Richard Rorty, who died last Friday at the age of 75, was arguably the most influential American philosopher of the past 30 years. That is not to say, however, that he significantly influenced the ideas and intellectual habits of American professors of philosophy. On the contrary, Rorty, who taught comparative literature at Stanford University during the final decade of his life, was treated as a pariah by professional philosophers. And who could blame them? Rorty's notoriety derived in large part from his claim that philosophy as it is practiced by professional philosophers--as the pursuit of timeless truth about the objective world--is futile. No one likes to be told that he has devoted his life and career to an illusion, least of all a philosopher devoted to dispelling the illusions of others.

But skepticism about Rorty's skepticism was not merely the product of professional pride. For anyone familiar with the drama of continental European (and especially German) philosophy during the past two centuries, Rorty's thought appeared to be profoundly derivative. Rorty recapitulated the ideas of numerous philosophers, including Nietzsche, Heidegger, Wittgenstein, and Derrida--all of whom believed that the effort to acquire absolute knowledge of the whole of reality had reached an endpoint in our time.

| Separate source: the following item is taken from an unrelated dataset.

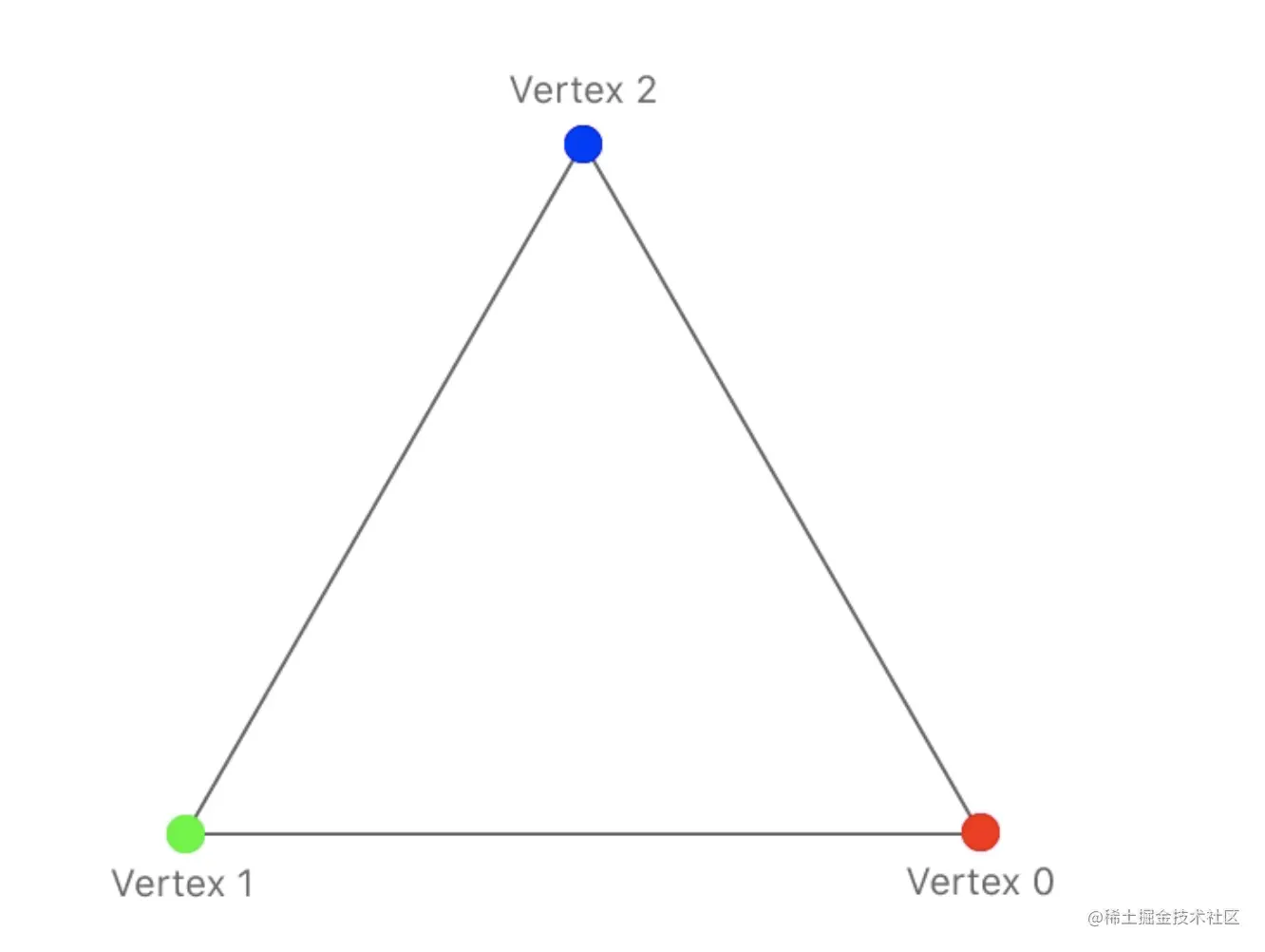 如图所示的,我们需要 3 个顶点来组成一个三角形,并以数组的形式传递这 3 个顶点作为图形渲染管线的输入,这个数组叫做顶点数据(Vertex Data),顶点数据是一系列顶点的集合。在这个例子里每个顶点只由一个位置和一个颜色值组成。

The philosophers (or rather, the anti-philosophers) in this tradition also tended to treat the terminus of philosophy as an epochal event. Nietzsche and Heidegger, in particular, believed that the demise of philosophy signaled the immanent collapse of the intellectual and cultural foundations of Western civilization, which they heralded with a mixture of dread and elation. The West, they insisted, was on the brink of a millennial shift to a new dispensation beyond Judeo-Christianity, beyond modernity, beyond rationality, beyond science, beyond good and evil. It was impossible to anticipate precisely what this new world would look like. All we could know is that it would differ as profoundly from what came before as the rationalistic world of Plato and Aristotle differed from the pre-philosophic world of Homeric myth.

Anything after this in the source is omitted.